⟨
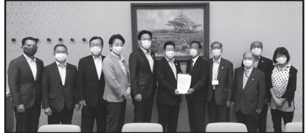
公明党県議団との懇談会

特に、今年度は新型コロナウイルスによる影響が全国規模で起きているため、愛知県における経済的な影響（税収の減少）などもあり、今年度は維持される社会保障体制も来年度に向けては影響が懸念されるため、透析患者の医療負担がない様にお願いし、また今後、 新型コロナウィルスのワクチンが出来た場合にはワクチンを打つための費用助成をしてもらえないか等、を愛知県の各県議団・県政党機関にお話をしてきました。
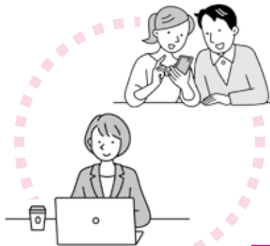
スマートフォン・パソコンから申し込み
⟩
WORK TO BE COMPLETED » Please retype all of the material exactly, skipping whatever images it holds.

RESULT OF THIS EXERCISE »
公明党県議団との懇談会

特に、今年度は新型コロナウイルスによる影響が全国規模で起きているため、愛知県における経済的な影響（税収の減少）などもあり、今年度は維持される社会保障体制も来年度に向けては影響が懸念されるため、透析患者の医療負担がない様にお願いし、また今後、 新型コロナウィルスのワクチンが出来た場合にはワクチンを打つための費用助成をしてもらえないか等、を愛知県の各県議団・県政党機関にお話をしてきました。
スマートフォン・パソコンから申し込み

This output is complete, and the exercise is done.